■ Problem to work on ■
Reproduce all the data exactly, without pictures.

■ Source data ■
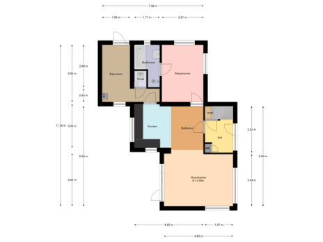 Hal met trapopgang en trapkast, woonkamer met open keuken, slaapkamer, badkamer, bijkeuken, toilet.
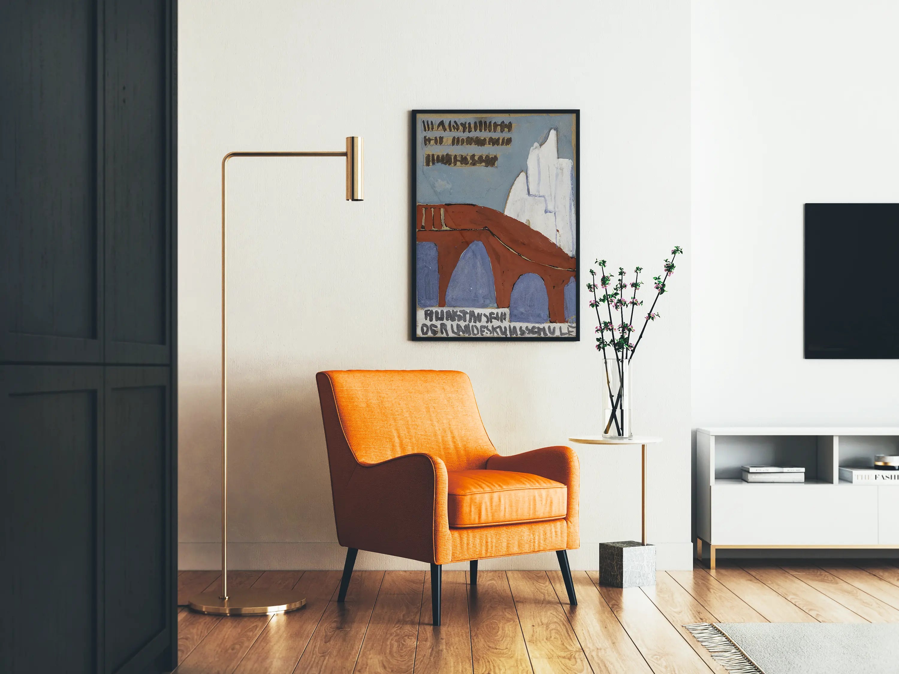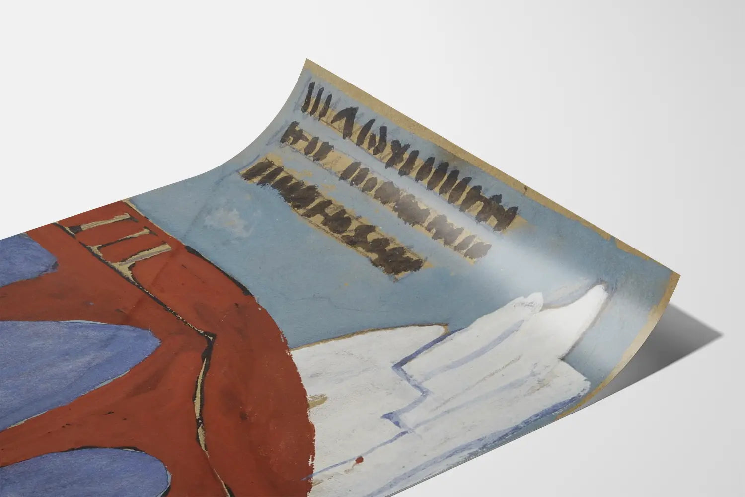 Ta oryginalna plakat przedstawia charakterystyczny projekt graficzny łączący formy architektoniczne i elementy tekstowe. Widać na nim łukowy most pomalowany na brązowo-czerwony kolor, rozciągający się od jednego brzegu do drugiego kompozycji. W tle, zestaw białych form z niebieskimi konturami zdaje się przedstawiać stylizowaną konstrukcję lub pejzaż. Tło w odcieniach niebieskiego i beżu tworzy delikatny kontrast z elementami na pierwszym planie. U góry plakatu, czarne linie tekstu na tle ochrowym, a także na dole, tytuł wielkimi literami sugerują ogłoszenie lub reklamę związaną z "Kunstmuseum der Landeskunstschule". To muralowe dzieło, inspirowane sztuką nowoczesną i abstrakcyjną grafiką, jest idealne jako oryginalna i kulturalna dekoracja ścienna. Plakat doskonały do uzupełnienia nowoczesnego wnętrza lub przestrzeni poświęconej sztuce i historii. Łatwo wpisuje się w styl minimalistyczny, bohemyczny lub przemysłowy. Ten dekoracyjny plakat ścienny zachęca do odkrywania europejskiego dziedzictwa artystycznego, jednocześnie dodając wizualnej elegancji dzięki równowadze między formami geometrycznymi a malowanymi teksturami. Unikalny dodatek dla miłośników sztuki i projektowania graficznego.
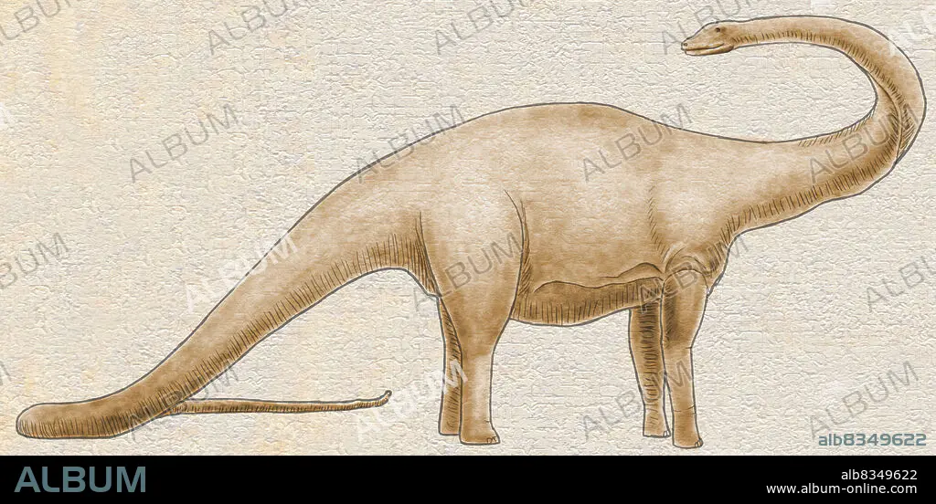 Caption: Measuring 90 ft. (27 m) long, Diplodocus was one of the longest land animals. It is thought that this herbivorous dinosaur, which lived 155 to 145 million years ago, held its long neck in a horizontal position. Its remains have been found in western North America.
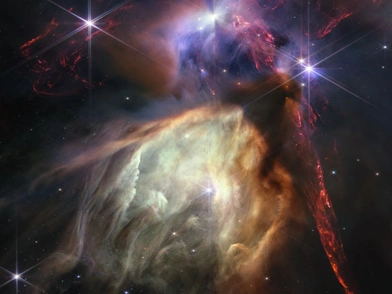 Το Rho Ophiuchi απέχει 390 έτη φωτός από τη Γη, με το James Webb να επιτρέπει μια εξαιρετικά λεπτομερή κοντινή λήψη, χωρίς αστέρια στο ενδιάμεσο.

■ Your solution ■
 Hal met trapopgang en trapkast, woonkamer met open keuken, slaapkamer, badkamer, bijkeuken, toilet.
 Ta oryginalna plakat przedstawia charakterystyczny projekt graficzny łączący formy architektoniczne i elementy tekstowe. Widać na nim łukowy most pomalowany na brązowo-czerwony kolor, rozciągający się od jednego brzegu do drugiego kompozycji. W tle, zestaw białych form z niebieskimi konturami zdaje się przedstawiać stylizowaną konstrukcję lub pejzaż. Tło w odcieniach niebieskiego i beżu tworzy delikatny kontrast z elementami na pierwszym planie. U góry plakatu, czarne linie tekstu na tle ochrowym, a także na dole, tytuł wielkimi literami sugerują ogłoszenie lub reklamę związaną z "Kunstmuseum der Landeskunstschule". To muralowe dzieło, inspirowane sztuką nowoczesną i abstrakcyjną grafiką, jest idealne jako oryginalna i kulturalna dekoracja ścienna. Plakat doskonały do uzupełnienia nowoczesnego wnętrza lub przestrzeni poświęconej sztuce i historii. Łatwo wpisuje się w styl minimalistyczny, bohemyczny lub przemysłowy. Ten dekoracyjny plakat ścienny zachęca do odkrywania europejskiego dziedzictwa artystycznego, jednocześnie dodając wizualnej elegancji dzięki równowadze między formami geometrycznymi a malowanymi teksturami. Unikalny dodatek dla miłośników sztuki i projektowania graficznego.
 Caption: Measuring 90 ft. (27 m) long, Diplodocus was one of the longest land animals. It is thought that this herbivorous dinosaur, which lived 155 to 145 million years ago, held its long neck in a horizontal position. Its remains have been found in western North America.
 Το Rho Ophiuchi απέχει 390 έτη φωτός από τη Γη, με το James Webb να επιτρέπει μια εξαιρετικά λεπτομερή κοντινή λήψη, χωρίς αστέρια στο ενδιάμεσο.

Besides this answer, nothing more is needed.